Sandy recovery: Walls won't stop superstorms

After Sandy, New York and other cities want to protect themselves, but walls only provide expensive false security

Published November 6, 2012 7:20PM (EST)

If the sea is pouring in, if a place is flooding and we don’t want it to, most humans have a fairly primal response: build a wall. This response is so ingrained, and so seemingly common-sensical, that it is hard to uproot in people, and communities. After all, exactly what is wrong with building a wall to hold back the water?

Well, it turns out that what sea walls do is kill natural shorelines and beaches, and those beaches and shores are what protect us during storms. To vastly oversimplify: throw up a wall and water no longer rolls in and out, the natural slope of the ocean floor is destroyed, and you have a deep pool of water slapping against that wall.  Which is fine unless the wall is breached.

Perhaps the most glaring example of the troubles that walls can bring occurred in Galveston, Texas. In 1900, that island town was hit by a hurricane with sustained winds of over 120 mph that ripped through the town, dragged its buildings out to sea, and killed over 5,000 people in the worst natural disaster in U.S. history.  The town responded, after the horror and shock, not by retreating, but by erecting a 17-foot-high wall in front of the beach, protecting them, or so they imagined, from any future storm.

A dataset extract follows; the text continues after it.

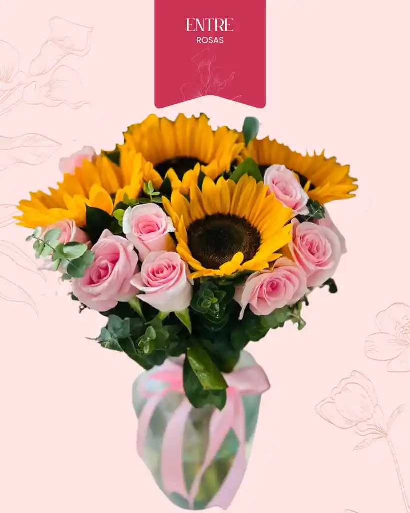 FLORERO DE 4 GIRASOLES Y 12 ROSAS Y FOLLAJES VERDES

I first learned about Galveston from the Duke coastal geologist Orrin Pilkey during a trip down the Outer Banks.

“What the wall really did was kill the beach,” he said then. “The beach is what naturally protects an island.  You put a wall up and the ocean swallows the beach up to the wall. Ensuring eventual disaster.”

Pilkey uttered those words over a year before Hurricane Ike made landfall in Galveston as a Category 2 hurricane in the fall of 2008. Sure enough, waves toppled the sea wall, the eroded beach offering no protection, and flooded the town while washing away hundreds of homes and killing over a hundred people. A day later, two meters of water — or approximately 7 feet — filled the Galveston County Courthouse. The thousands who had refused to evacuate and managed to survive spoke of the horror, brutality and sheer noise of the storm. While Ike did not get the press that Katrina did, at the time it was the third most destructive hurricane in U.S. history.

So, if walls are out, what is to be done?  When Pilkey, and many other coastal geologists, give their answers to this question they often sound a little like Monty Python’s Knights of Knee: run away, run away!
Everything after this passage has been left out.